[Dataset extract]

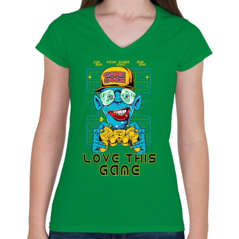 1 kép PRINTFASHION Kedvenc játékom - Női V-nyakú póló - Zöld
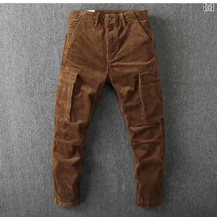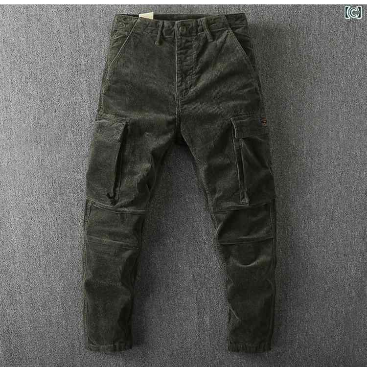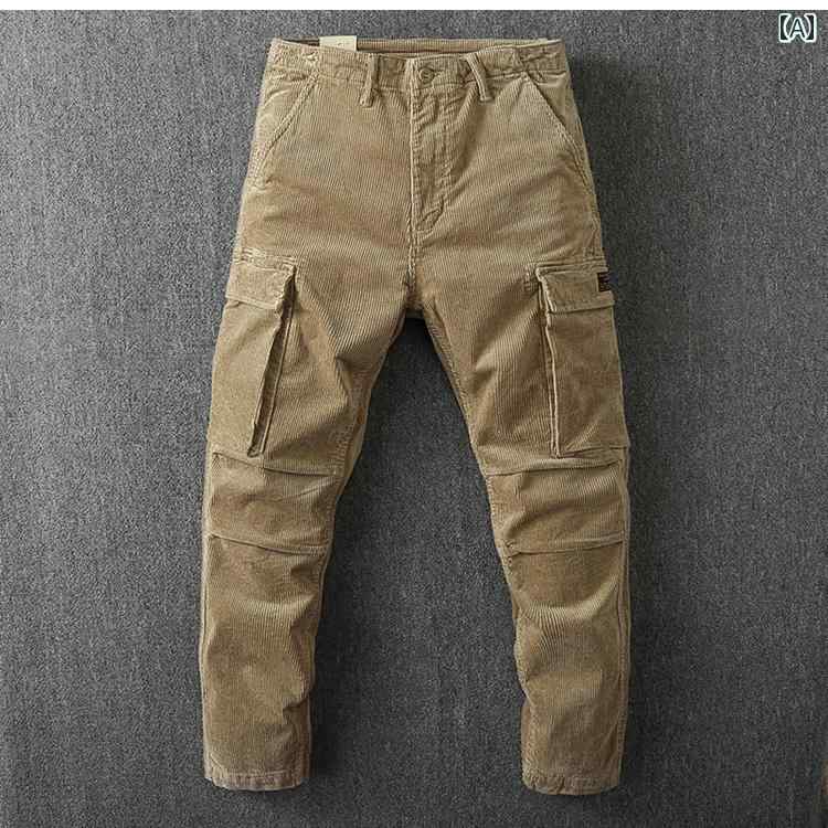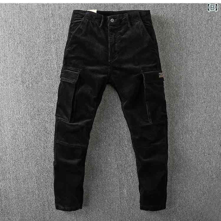 カーゴ パンツ メンズ 秋冬 おしゃれ アメリカン レトロ コーデュロイ カジュアル ポケット ブラック グレー ホワイト ストレート
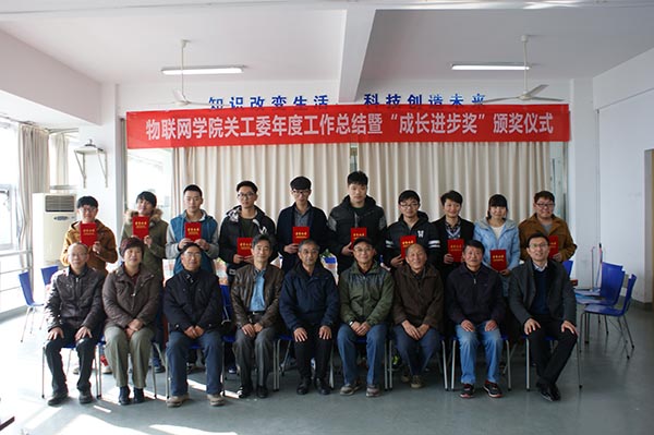 物联网学院院长刘全胜老师宣读了《关于授予李国亮等10位同学“成长进步奖”的表彰决定》,2016年在学习、生活、思想、行为等方面取得较大进步的10位同学获得“成长进步奖”证书,大家还就学习、生活等方面问题进行了互动。
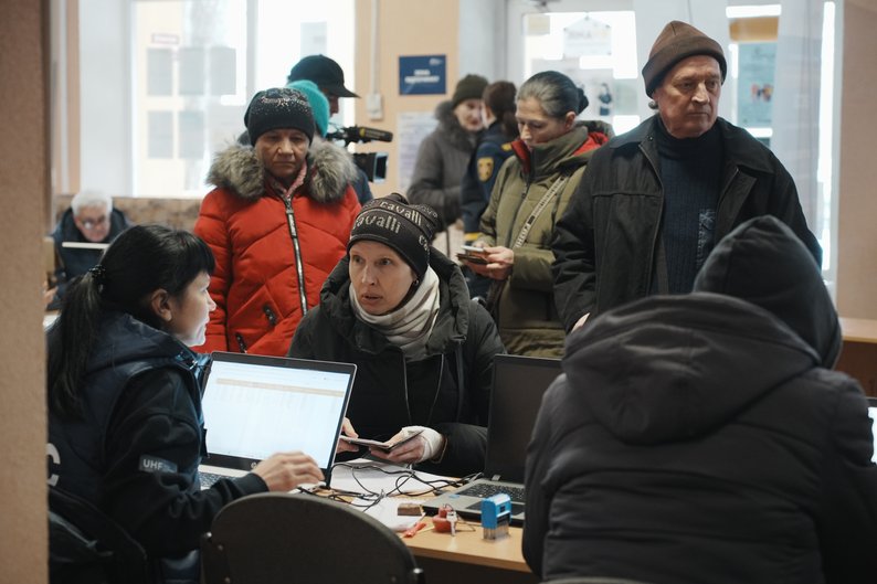 Евакуйовані жителі Харківщини в Координаційному гуманітарному центрі, Харків. Суспільне Харків/Вікторія Якименко
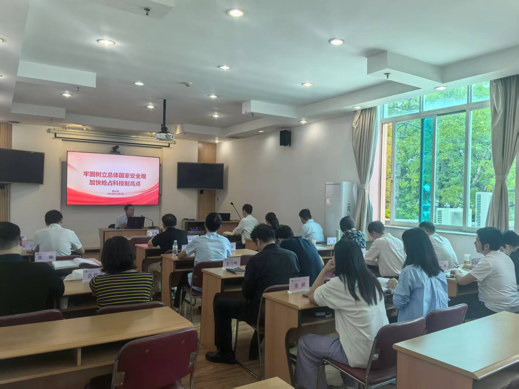 广州分院分党组书记黄从利作安全保密专题党课报告。他以“牢固树立总体国家安全观 加快抢占科技制高点”为题,全面系统领学了习近平总书记关于总体国家安全观的系列重要论述和指示批示精神。黄从利指出,国家安全是国家生存和发展最基本最重要的前提,保证国家安全是治国理政的基本目标。总体国家安全观,就是系统、全面地定位和把握国家安全问题。党的二十届四中全会把“坚持统筹发展和安全”列为“十五五”时期经济社会发展必须遵循的一条重要原则,把“国家安全屏障更加巩固”列为主要目标之一,围绕统筹发展和安全作出一系列战略部署。他强调,广大职工要深刻理解把握总体国家安全观的重大意义,以高度的政治自觉更好统筹发展和安全,树牢安全特别是保密意识,带头严守工作纪律,为加快抢占科技制高点贡献智慧与力量。
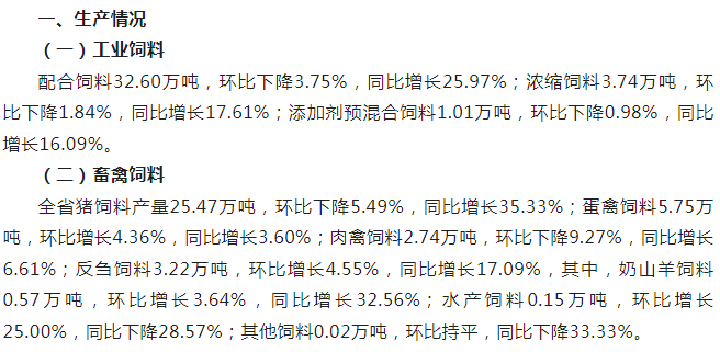 飼料生產(chǎn)情況根據(jù)對全省飼料生產(chǎn)企業(yè)上報數(shù)據(jù)分析,4月份,全省工業(yè)飼料總產(chǎn)量和總產(chǎn)值均呈現(xiàn)環(huán)比下降,同比增長態(tài)勢。全省工業(yè)飼料總產(chǎn)量(不含寵物飼料)37.35萬噸,環(huán)比下降...
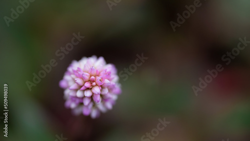ネギの花に似たピンクと白の小さな花弁が集まった花のマクロ
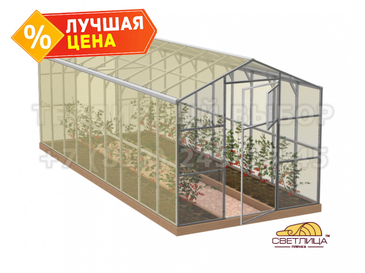 Теплица из поликарбоната и пленки светлица Усиленная Домиком 2,3х8 h=2.1 м профиль 25х25 мм
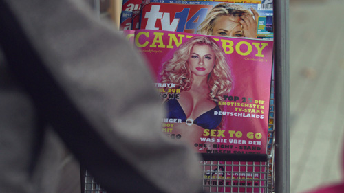 Udo bleibt fasziniert an einem Zeitungsständer mit aufreizenden Coverbildern stehen. Emmi zieht ihn genervt weiter.
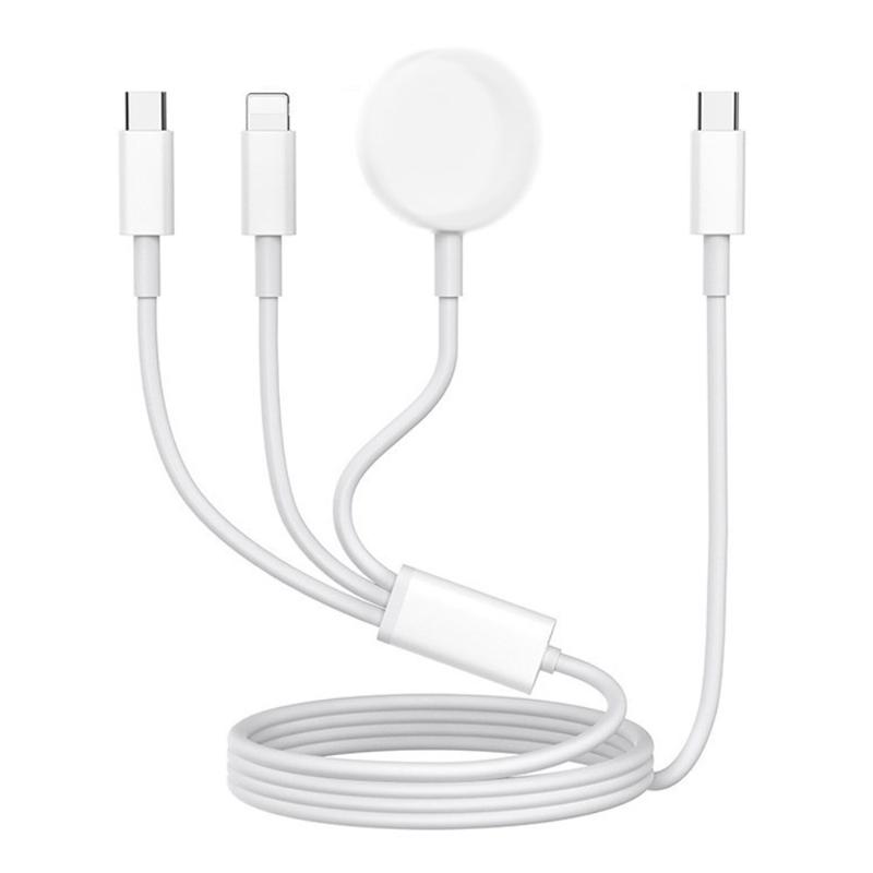 De 3-in-1 oplaadkabel is ontworpen om het dagelijks opladen te vereenvoudigen door meerdere functies te combineren in één praktische kabel. De kabel ondersteunt draadloos opladen voor Apple Watch, waardoor het een ideale oplossing is voor bureaus, nachtkastjes en op reis.

[/Dataset extract]

Exercise instructions
Each record above should come back exactly the same, only without its pictures.

Answer section
 1 kép PRINTFASHION Kedvenc játékom - Női V-nyakú póló - Zöld
 カーゴ パンツ メンズ 秋冬 おしゃれ アメリカン レトロ コーデュロイ カジュアル ポケット ブラック グレー ホワイト ストレート
 物联网学院院长刘全胜老师宣读了《关于授予李国亮等10位同学“成长进步奖”的表彰决定》,2016年在学习、生活、思想、行为等方面取得较大进步的10位同学获得“成长进步奖”证书,大家还就学习、生活等方面问题进行了互动。
 Евакуйовані жителі Харківщини в Координаційному гуманітарному центрі, Харків. Суспільне Харків/Вікторія Якименко
 广州分院分党组书记黄从利作安全保密专题党课报告。他以“牢固树立总体国家安全观 加快抢占科技制高点”为题,全面系统领学了习近平总书记关于总体国家安全观的系列重要论述和指示批示精神。黄从利指出,国家安全是国家生存和发展最基本最重要的前提,保证国家安全是治国理政的基本目标。总体国家安全观,就是系统、全面地定位和把握国家安全问题。党的二十届四中全会把“坚持统筹发展和安全”列为“十五五”时期经济社会发展必须遵循的一条重要原则,把“国家安全屏障更加巩固”列为主要目标之一,围绕统筹发展和安全作出一系列战略部署。他强调,广大职工要深刻理解把握总体国家安全观的重大意义,以高度的政治自觉更好统筹发展和安全,树牢安全特别是保密意识,带头严守工作纪律,为加快抢占科技制高点贡献智慧与力量。
 飼料生產(chǎn)情況根據(jù)對全省飼料生產(chǎn)企業(yè)上報數(shù)據(jù)分析,4月份,全省工業(yè)飼料總產(chǎn)量和總產(chǎn)值均呈現(xiàn)環(huán)比下降,同比增長態(tài)勢。全省工業(yè)飼料總產(chǎn)量(不含寵物飼料)37.35萬噸,環(huán)比下降...
ネギの花に似たピンクと白の小さな花弁が集まった花のマクロ
 Теплица из поликарбоната и пленки светлица Усиленная Домиком 2,3х8 h=2.1 м профиль 25х25 мм
 Udo bleibt fasziniert an einem Zeitungsständer mit aufreizenden Coverbildern stehen. Emmi zieht ihn genervt weiter.
 De 3-in-1 oplaadkabel is ontworpen om het dagelijks opladen te vereenvoudigen door meerdere functies te combineren in één praktische kabel. De kabel ondersteunt draadloos opladen voor Apple Watch, waardoor het een ideale oplossing is voor bureaus, nachtkastjes en op reis.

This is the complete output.